Why does the stock market react so strongly to rising interest rates?

The Dow is down by about 200 points right now. The radio and the SF Chronicle said that stocks are down so far because the stronger-than-expected rise in the consumer price index might mean that interest rates will keep going up.

This is probably a dumb question (I know almost nothing about economics or the stock market), but why does the market react so strongly to any hint that interest rates might go up?

Higher interest rates mean higher debt expenses for companies which translate to lower earnings.
The stock market is speculative. Investors are interested in what will happen to the company in the future. If earning projections take a fall then the value of the company also takes a hit.

Higher interest rates also make bonds a relatively more attractive investment than stocks, which would tend to make people sell their stocks, buy bonds, and drive the stock market down.

High interest rates reduce investment by companies, individuals and even the government. This has the effect of slowing down the economy. Lower investment mean fewer jobs fewer growth prospects for the economy.

This is also why tax cuts can hurt the economy. As the government deficit increases through lower tax revenue, the government has to borrow money in the form of T-bonds. Thus the government ends up competing with private industry for dollars by increasing interest rates. This is known as the “crowding out” effect of tax cutting.

Which has been basically discredited. Tax cuts have been empirically shown to be net stimulative, at least at our current levels of taxation.
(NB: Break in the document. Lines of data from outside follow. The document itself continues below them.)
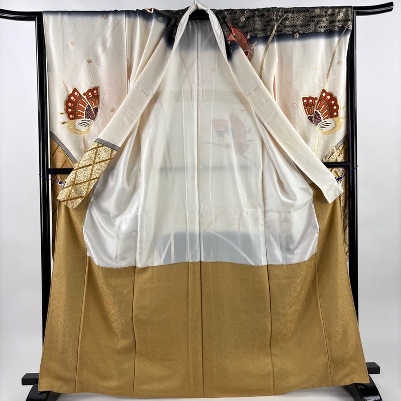 【振袖】 白系 クリーム 秀品 B 約160cm~約169cm 裄丈65cm (M)size 袖丈91cm以上 7990-9980 二万以下
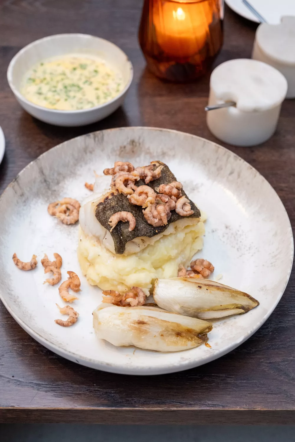 Schik telkens een flinke lepel aardappelpuree en twee stronkjes witloof op een bord. Schep er een kabeljauwhaasje bovenop en bestrooi rijkelijk met de handgepelde grijze garnalen. Werk de saus af met fijngehakte peterselie en serveer apart.
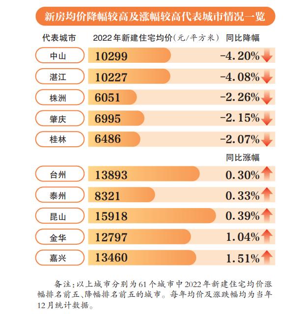 而根據中指研究院的數據,從全國61個三四線城市來看,中山、湛江、株洲、肇慶、桂林5個城市的房價在2022年有較爲明顯的降幅,其2022年新房房價均價同比增幅分別爲-4.20%、-4.08%、-2.26%、-2.15%和-2.07%。國家統計局數據也顯示,2022年12月,湛江、岳陽的新房房價指數同比降幅爲9.3%和9.2%,其中,湛江也成爲全國70個城市中房價指數同比下降最多的城市之一。
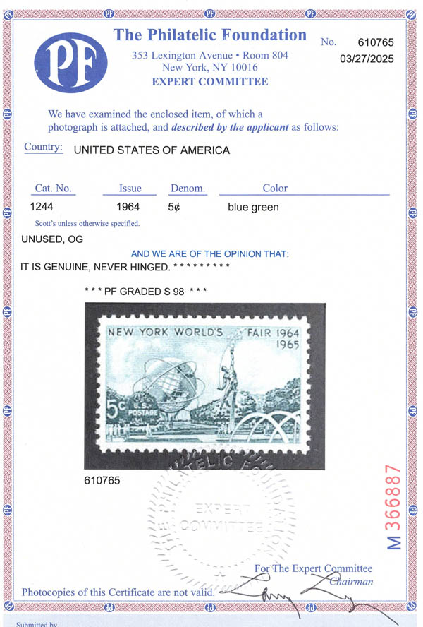 1964, 5¢ New York World's Fair (Scott 1244), o.g., never hinged, Superb, with 2025 P.F. certificate graded SUP 98. SMQ $75.
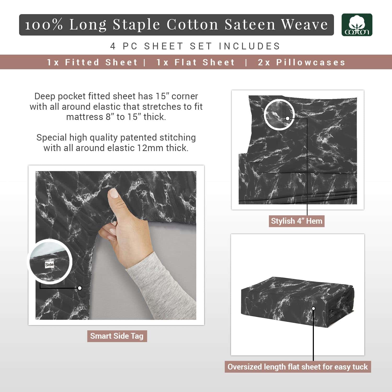 Juego de sábanas de algodón puro Pizuna Full -Negro mármol
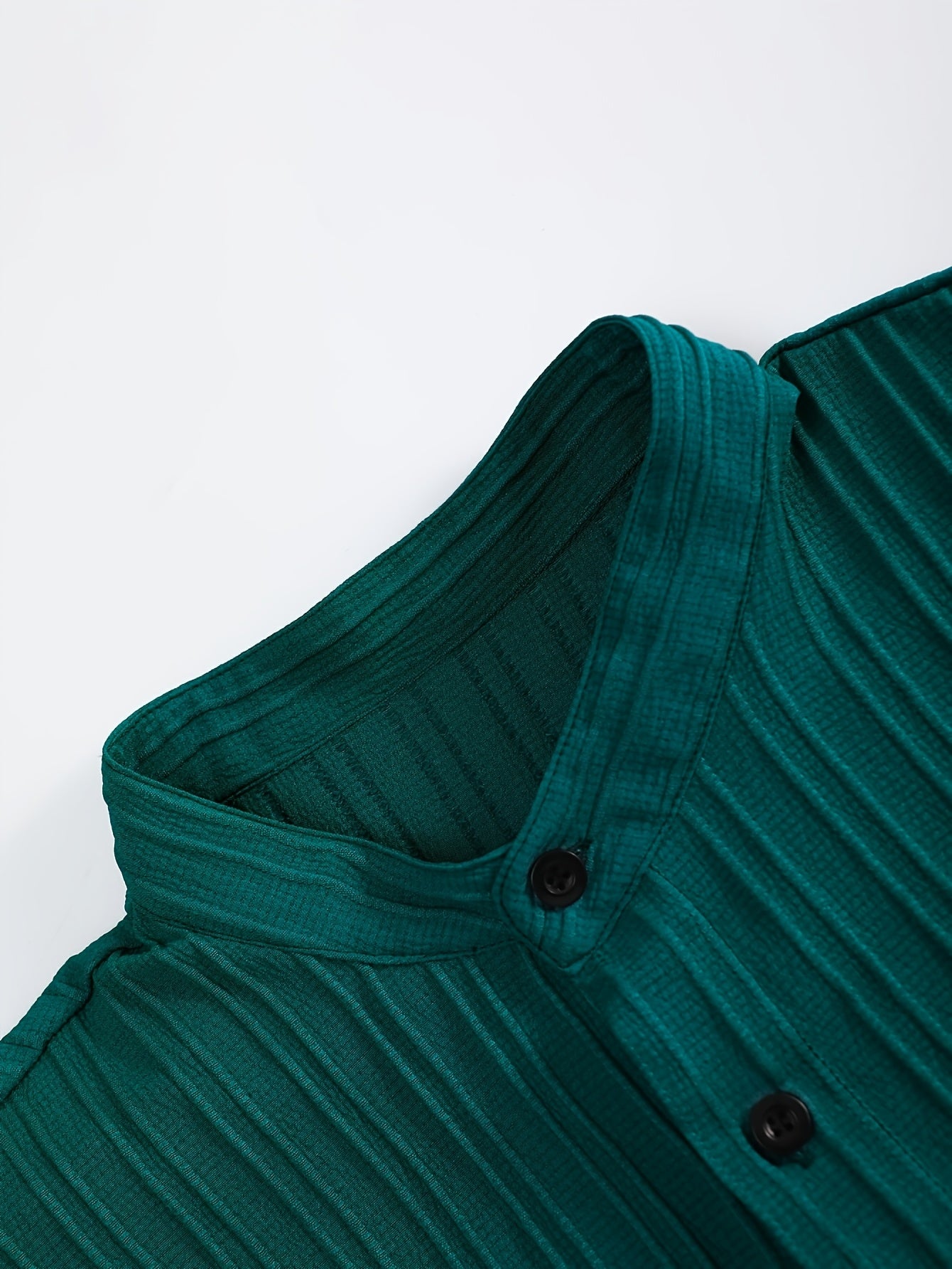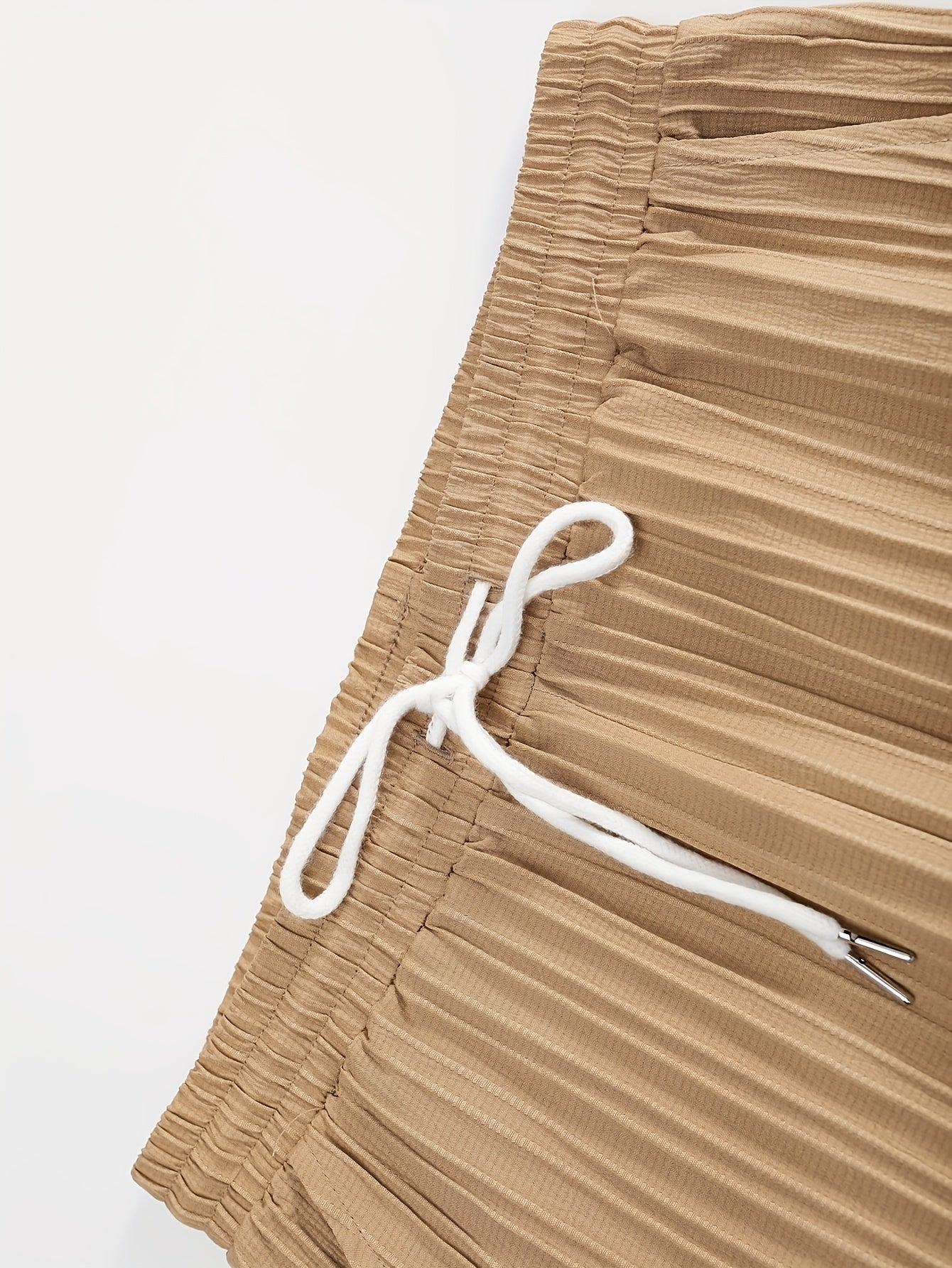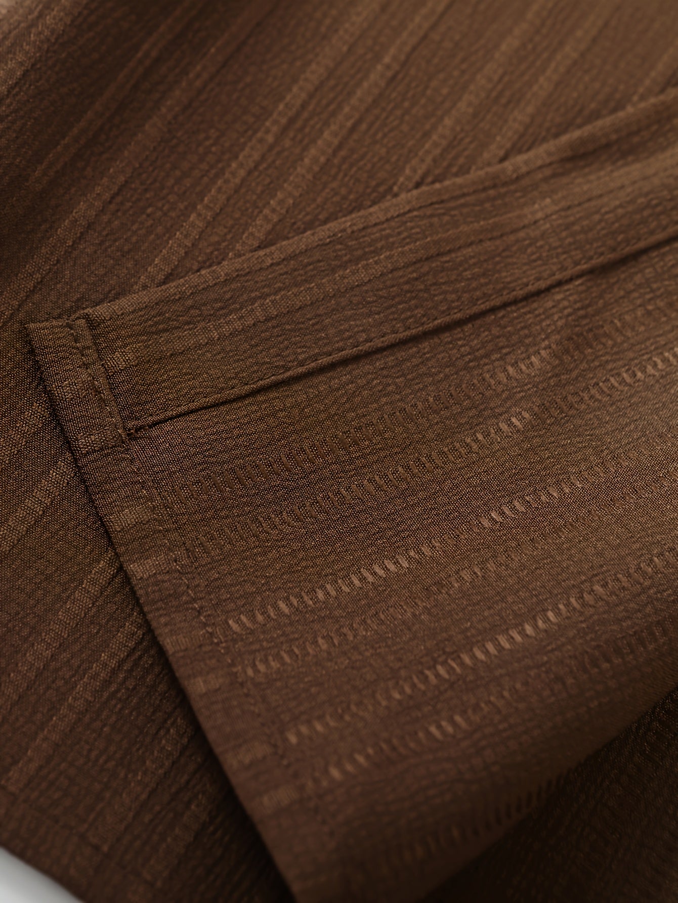 Men's New Trendy Textured Wave Stripe Short Sleeve Long Pants Casual Suit
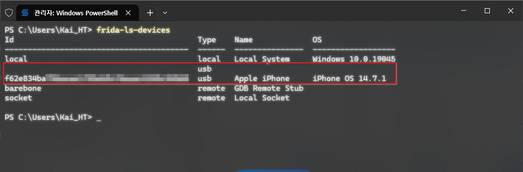 분명 usb에 해당하는 디바이스는 1건만 출력되어야하나 Id, Name, OS 값이 존재하지 않은 Type-usb 항목이 하나 확인된다. 해당 문제는 Frida 와 iOS 간 문제인 것으로 확인되나 확실한 해결책은 찾지 못했다...
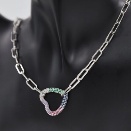 سلسال فضي بتصميم جنزير وقلب
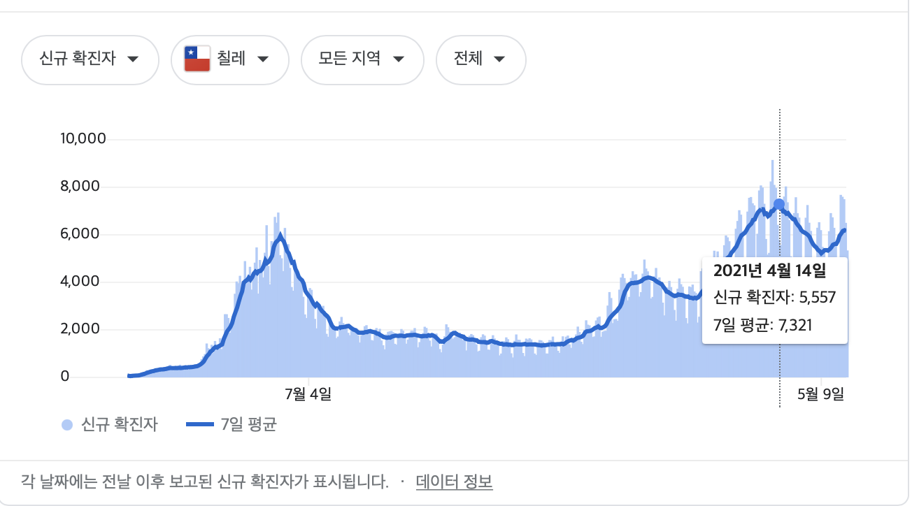 칠레를 비롯 남미 국가는 가장 늦은 2020년 3월달이 되어서야 코로나 바이러스가 크게 유행했음에도 대비를 전혀 하지 못하면서 그대로 코로나가 창궐해 지금까지도 가장 많은 확진자와 사망자를 내면서 안그래도 열악한 경제활동인구들이 직격탄을 맞고 있다. 다른 나라 사정까지 일일이 열거하기는 보는이도 괴롭고 나도 했던말 어디서 본거 같은 이야기를 그대로 재생산 하기도 지칠정도로 매일 뉴스에서 나오는 소식이 거의 똑같고 지겨울 정도로 반복적이다. 암튼 지금 칠레는 중국 시노백 백신으로 2000만 인구중 50%인 1000만명이 넘게 1차 접종을 완료했다. 언론에서도 매일 이런 백신 접종현황과 더불어 일일 신규 확진자를 발표하는데 백신 접종이 시작되고 사실상 조금만 더 지나면 집단 면역에 도달 해야 할 것으로 보이는 칠레는 확진자가 더 늘어나고 있다.
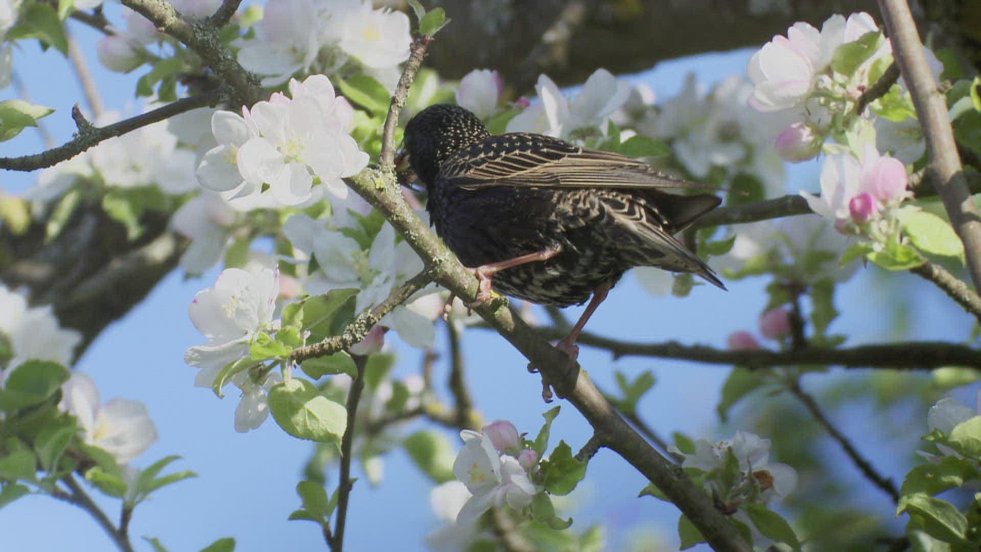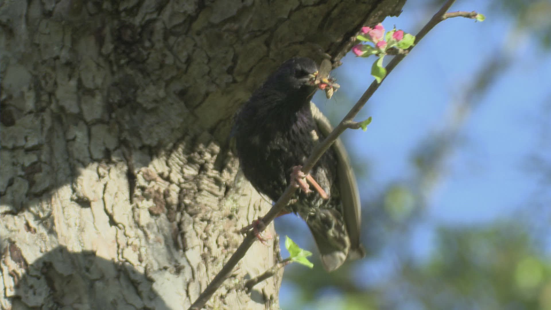 CU Person feeding Starling (Sturnis vulgaris) / Vienna; Austria

What got me when I read about this on CNN today was that they attributed the drop to “consumers” being worried about the CPI. Like “Mom and Pop” investors make thier investment decisions based upon the CPI and that they all put down there coffees today and called there brokers as soon as they heard the news! The actual consumers they were talking about are a small number of big investment firms that stand to lose or make billions based upon such percieved changes. I think Mom and Pop just thought, well damn we’re getting a real screwing on gas prices this last month no wonder the CPI went up.

Cite please. Tax cuts can stimulate the economy by raising consumption…people spend more money. Additionally, tax cuts actually yield HIGHER government spending since people perceive them as a discount on government services and demand more government, which goes against the “starve the beast” idea. This also can stimulate the economy. But investment must be sacrificed (no such thing as a free lunch), and investment is what drives future growth.

Since stock value is actually a measure of perceived future earnings (cash flows, actually), stock prices naturally fall when interest rates are higher.